Only five days after being inaugurated, President Donald Trump started taking action on his promise to remove millions of immigrants from the United States—or at least make their lives difficult.

Wednesday, Trump signed an order for the Secretary for Homeland Security to publish a list of crimes committed by immigrants each week. The order is intended to put political pressure on sanctuary cities, by positioning immigrants as criminals.

Publishing such a list, many worry, could also lead to private citizens attempting to take enforcement into their own hands.

Angela Fernandez, executive director of the Northern Manhattan Coalition for Immigrant Rights, called the measure "dangerous." 

"Their lives will be destroyed and they could become the victims of vigilante justice," she told DNAinfo. "They will not want to cooperate with the police on anything and some won't call the fire department or the hospital because they think it's all linked."

There are about 300 sanctuary cities across the U.S. Sanctuary cities can refuse to hand over undocumented immigrants to federal authorities through shielding policies.

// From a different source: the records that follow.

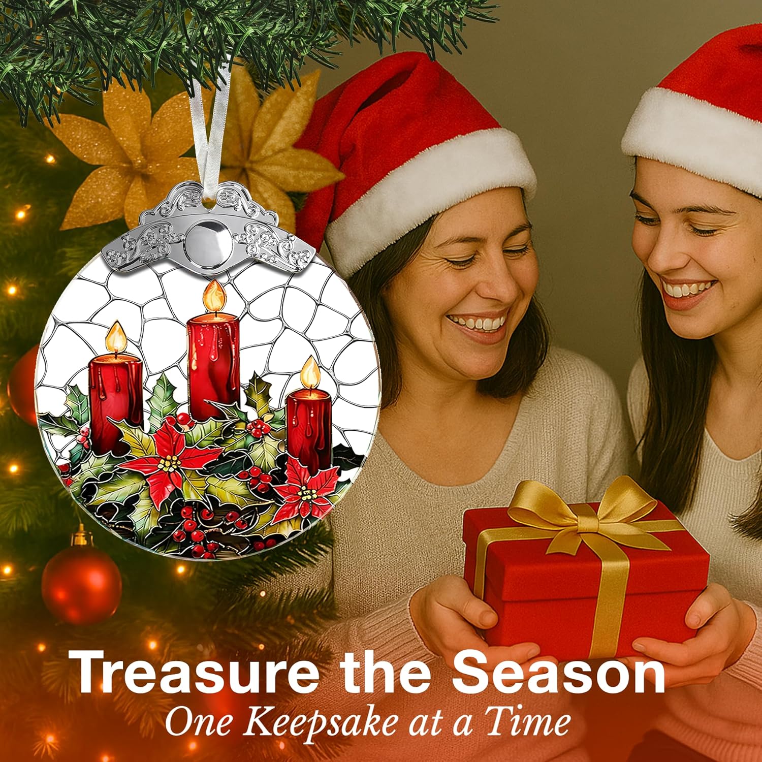 CAPTURE CHERISHED MEMORIES WITH GLASS ORNAMENTS Celebrate your love with our elegant glass christmas tree ornaments, beautifully designed for lasting memories. This fancy christmas ornament combines stained glass ornaments for christmas tree, candle ornaments for christmas tree, and ornament candle elements, making it a keepsake christmas ornament perfect for commemorating special moments year after year.
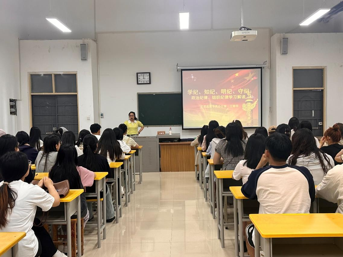 2024年5月10日,我院邀请校纪委监察专员办公室第二监察办公室主任王丽华在B404教室为学生第三党支部、学生第六党支部做“学纪、知纪、明纪、守纪:政治纪律、组织纪律学习解读”专题党课。
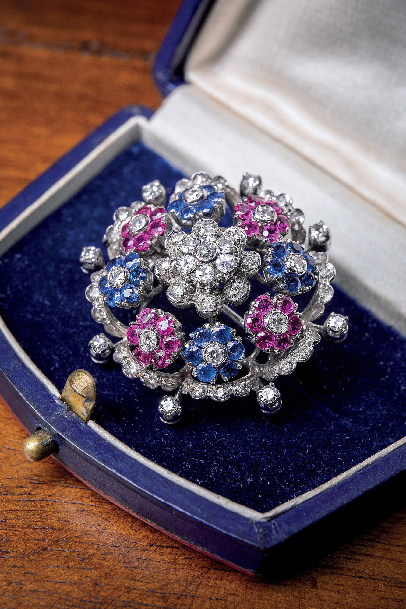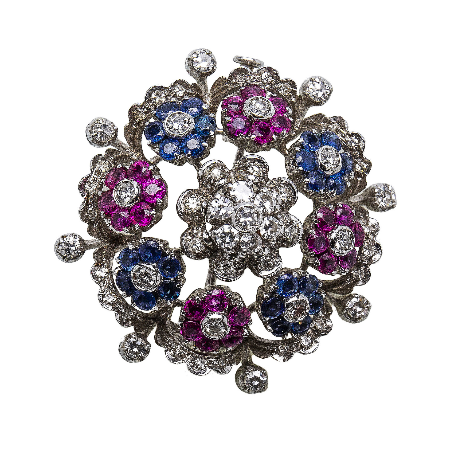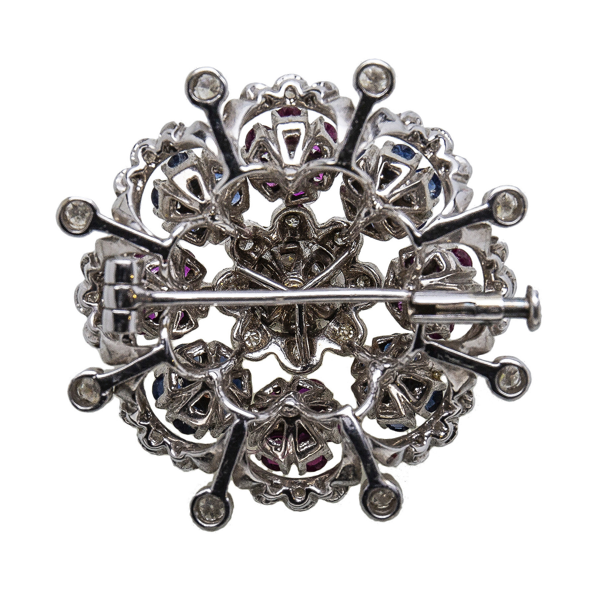 Lotto 11 | Spilla in oro 18 kt con diamanti e pietre preziose
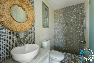 Accommodating up to eight guests, the sleeping arrangements include a master bedroom with a king-size bed, two additional bedrooms each with a king-size bed and a single bed, and a guest house studio that offers a king-size bed along with two single beds. Each bedroom comes with its own en-suite bathroom, while the master suite includes a separate WC for added convenience.
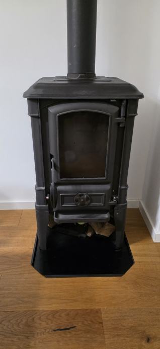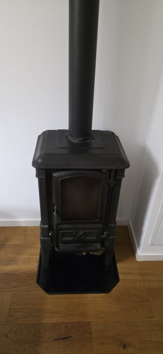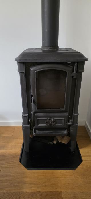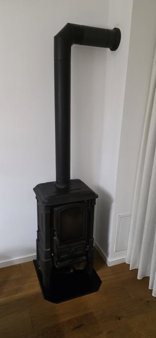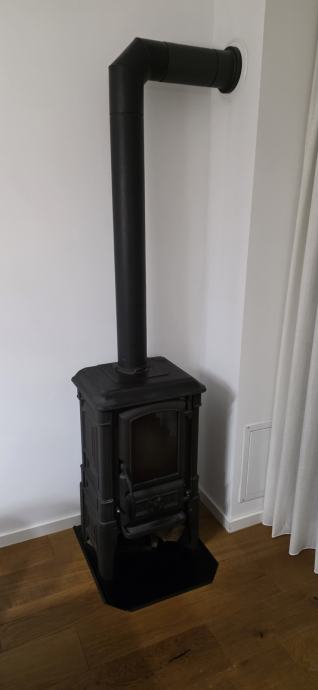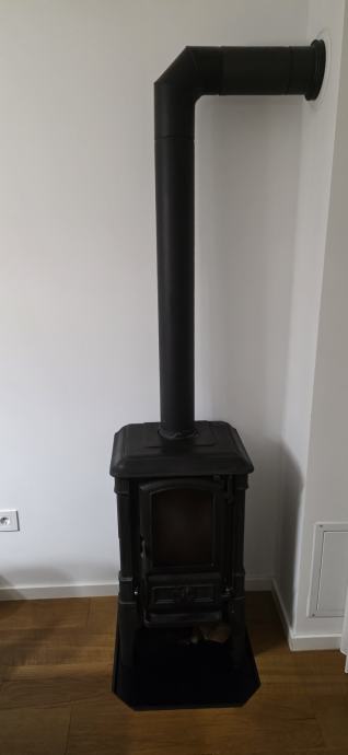 Prodajem peć na drva s odvodom za dimnjak i detektorom ugljičnog monoksida. Peć je crne boje, lijevanog željeza, klasičnog dizajna sa staklenim vratašcima na prednjoj strani koja omogućuju pogled na vatru. U kompletu dolazi cijev za odvod dima koja se spaja na dimnjak.
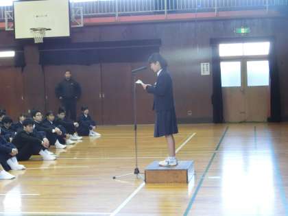 先週、生徒会役員から、中学校いじめフォーラムのスローガン「いじめ STOP 見逃し 0(ゼロ)」を発表してもらいました。さて、実行できていますか。
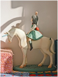 Colorful figurine of a girl riding a unicorn, capt
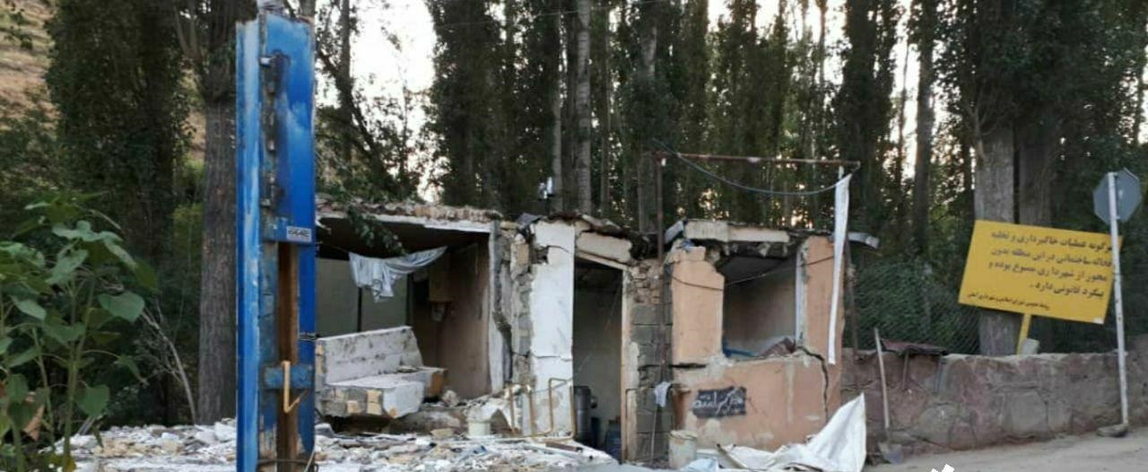 اتاق نگهبانی ورودی منطقه هزاردشت شهر آبعلی با توجه به ممانعت از ورود عموم با دستور قضایی تخریب شد.
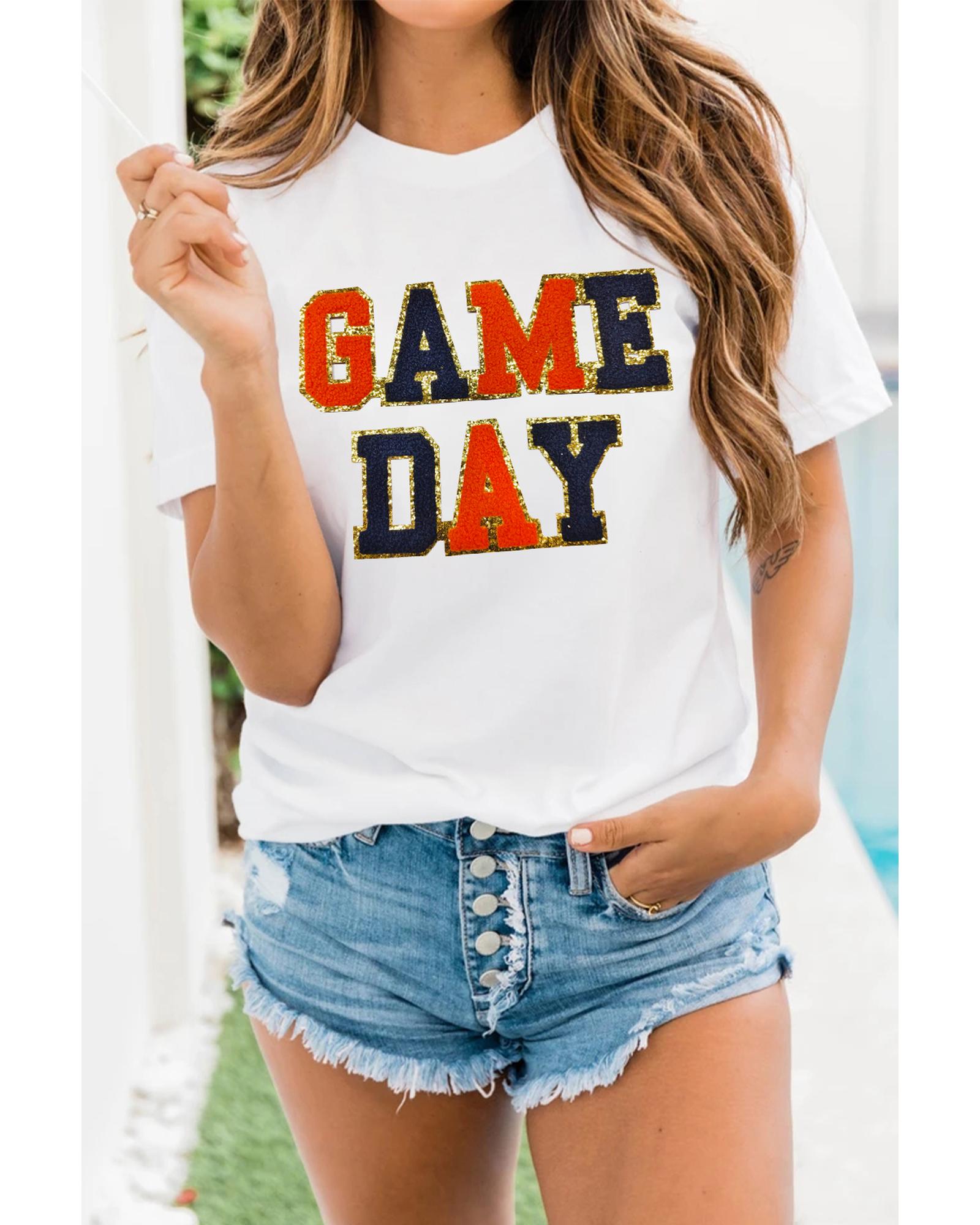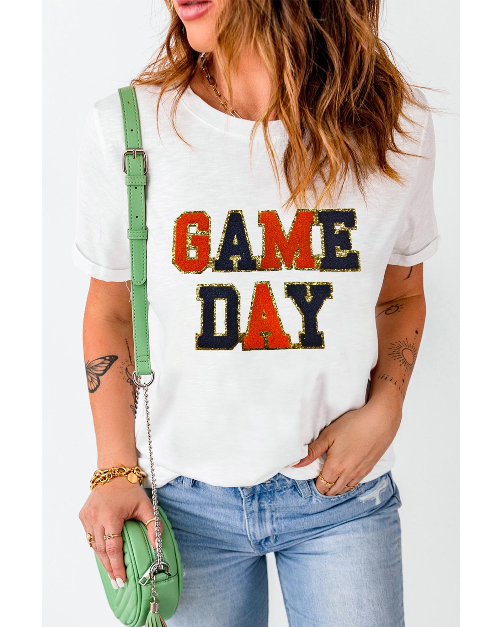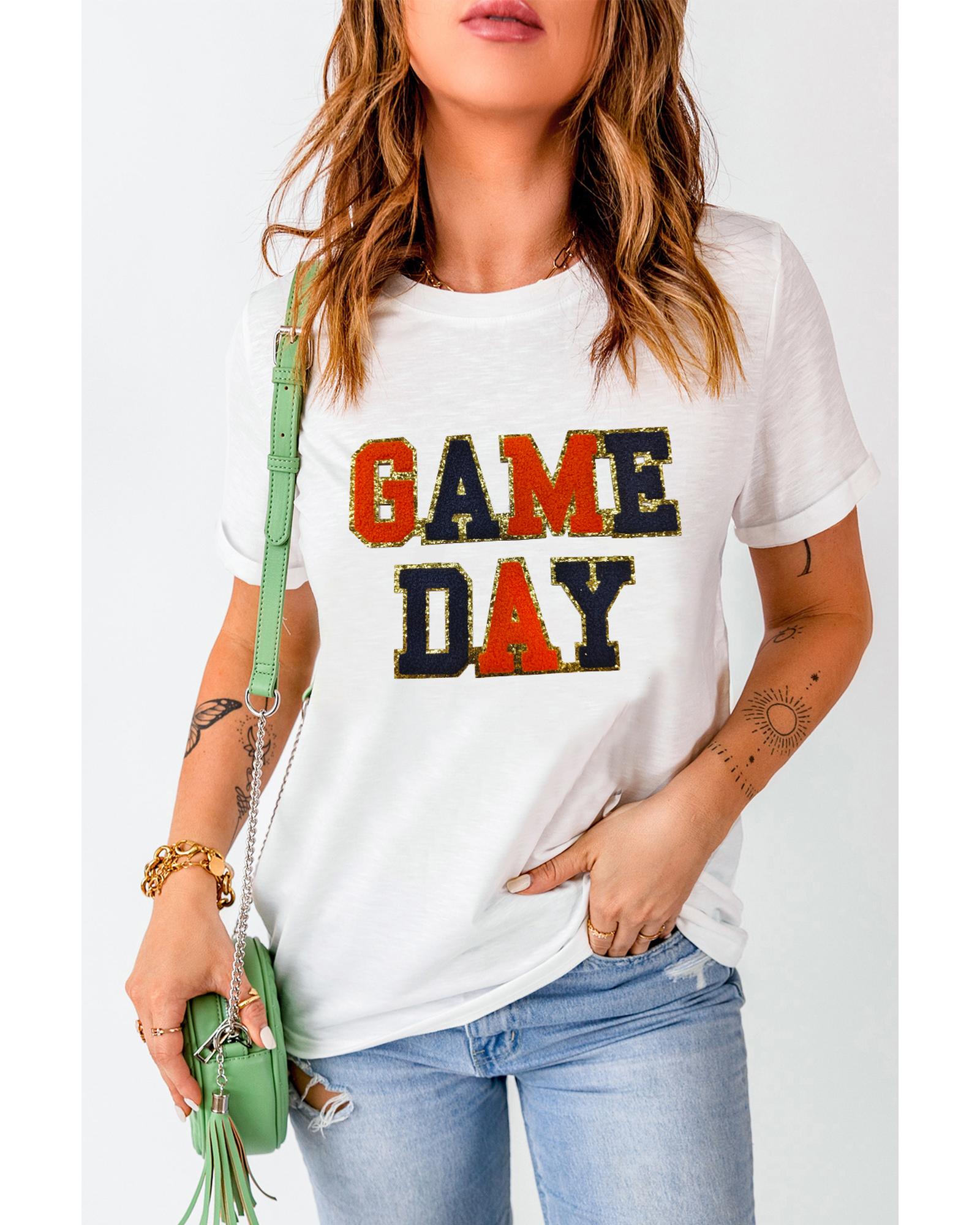 - White Glitter GAME DAY Rugby Football Season Round Neck T Shirt
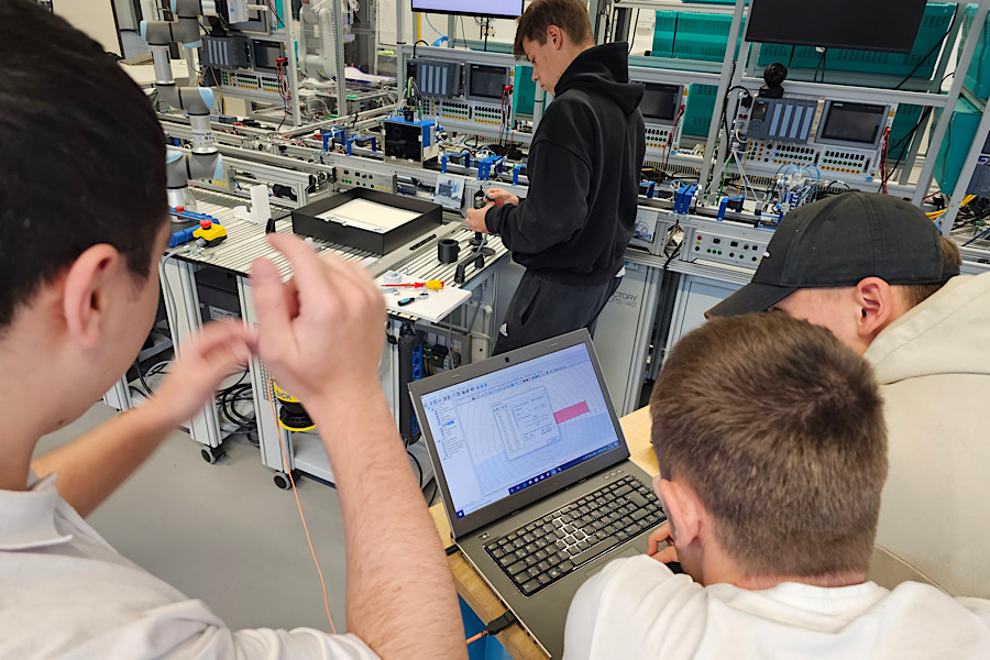 Unser hochmodernes Technologiezentrum bietet vielseitige Möglichkeiten, technischen Unterricht praxisnah und innovativ zu gestalten. In der „Lernfabrik 4.0“ können Lernende verschiedener Fachrichtungen ihre Kenntnisse vertiefen, da die Anlage gleichermaßen Inhalte aus der Elektrotechnik sowie der Anlagentechnik und Informatik abbildet.
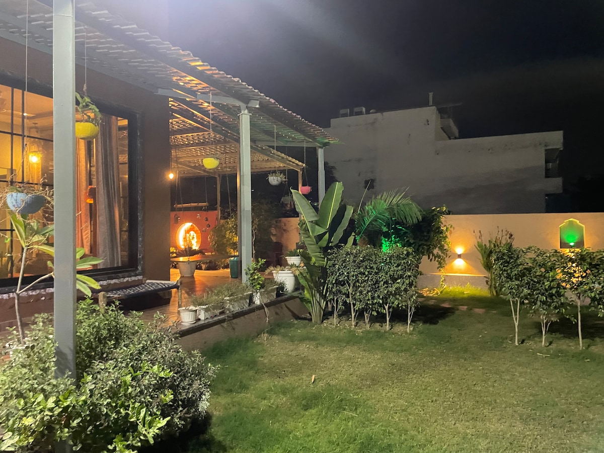 Doživite mir sa boravkom u našoj luksuznoj čistoj vegetarijanskoj kući na samo 30 minuta vožnje od Delhija. Okružen poljima i smešten u bujnom zelenilu, naše mirno prebivalište nudi savršeno okruženje za opuštanje i povezivanje sa prirodom. Sa udobnim sadržajima i dovoljno prostora za okupljanja, naša kuća na farmi je idealna za stvaranje nezaboravnih uspomena sa voljenima.
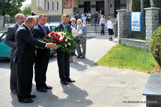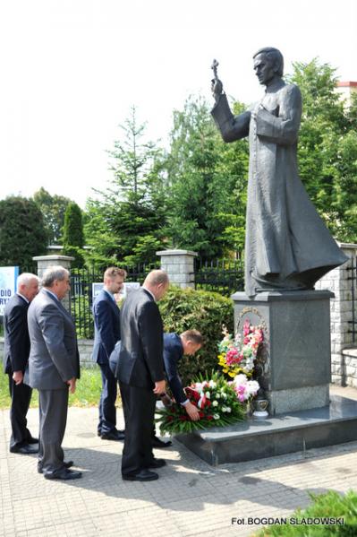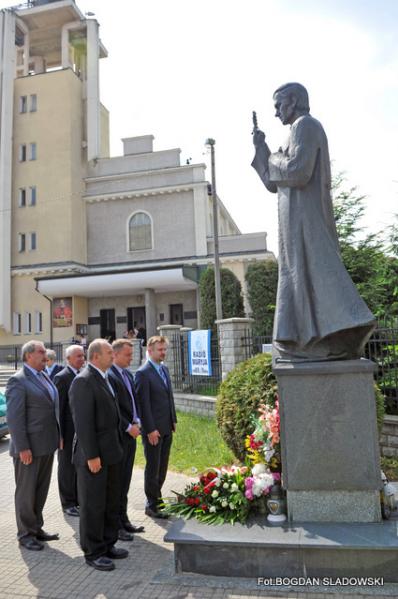 Kolejnym punktem uroczystości było złożenie kwiatów pod pomnikiem błogosławionego ks. Jerzego Popiełuszki. Kwiaty złożyła delegacja w składzie: Robert Perkowski
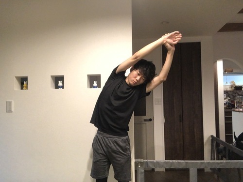 左右とも気持ちよく伸びていると感じる位置で、20秒間キープしましょう。2~3セットが目安になります。
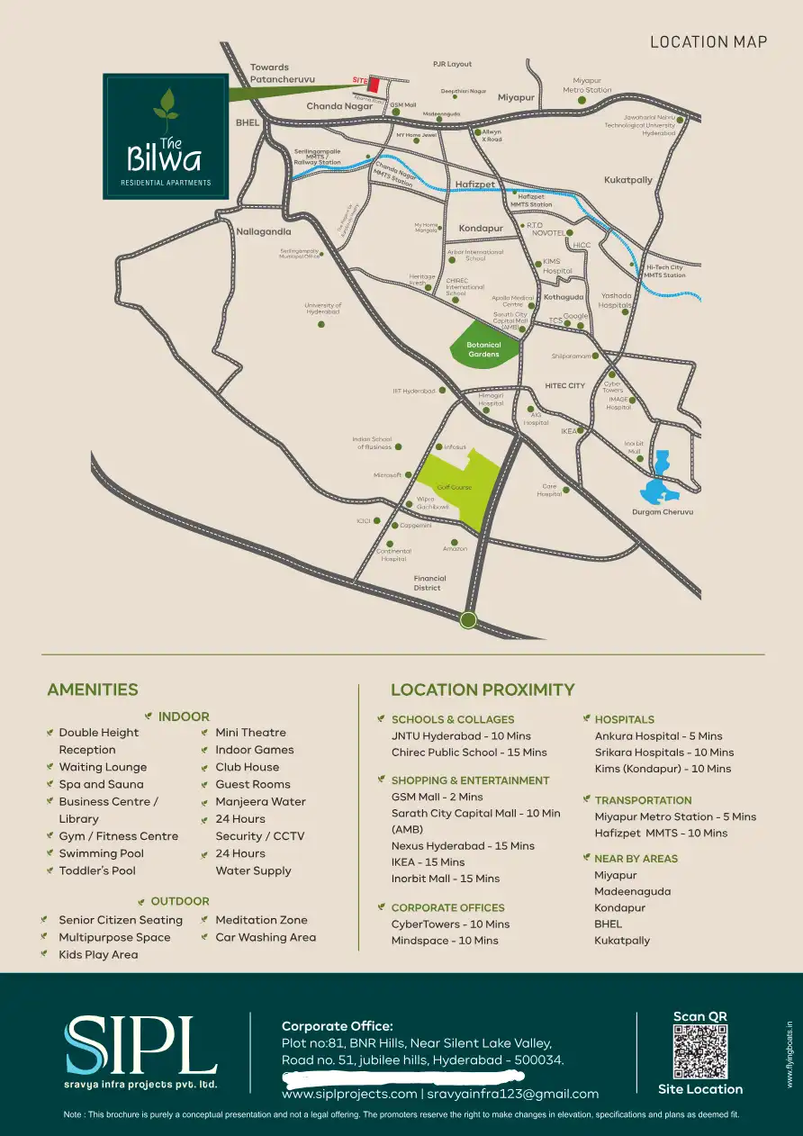 Miyapur is a prominent residential and commercial area situated in the north-western part of Hyderabad, Telangana. It is strategically located along the NH65 (Hyderabad-Mumbai Highway) and serves as a gateway to the city's IT and financial hubs like Hitech City and Gachibowli, making it a well-connected and sought-after locality.
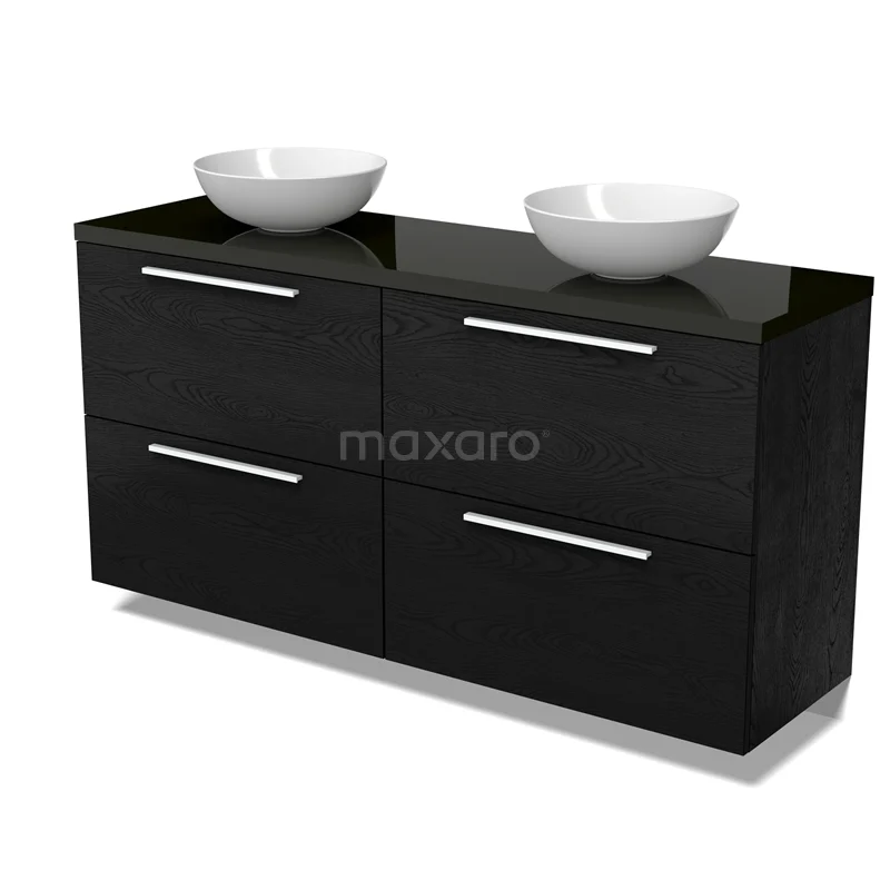 Modulo Plato Badmöbel mit Aufsatzwaschbecken | 160 cm Schwarze Eiche Flach front Hochglanz Schwarz blatt 4 hohe Schubladen

The purpose of Trump's action, according to the order: “To better inform the public regarding the public safety threats associated with sanctuary jurisdictions, the Secretary shall utilize the Declined Detainer Outcome Report or its equivalent and, on a weekly basis, make public a comprehensive list of criminal actions committed by aliens and any jurisdiction that ignored or otherwise failed to honor any detainers with respect to such aliens.”

Take note that the order doesn’t specify pertinence to only to immigrants who entered the country illegally. Accordingly, crimes committed by legal immigrants could also be included.

As Trump signed the order, he read out the names of U.S. citizens who had been murdered by immigrants who entered the country without legal permission. As the Independent reports, there are an estimated 820,000 undocumented immigrants with criminal records in the United States.

The executive order claims it aims to “ensure the safety and territorial integrity of the United States,” adding that immigrants who may have entered the country illegally, or who were brought in as children, “present a significant threat to national security and public safety.”

During his presidential campaign Trump famously said, “We have some bad hombres, and we’re going to get them out.”

Trump initially promised to remove 11 million undocumented immigrants from the country within the first two years of his presidency, but he later walked back that promise to 2 or 3 million.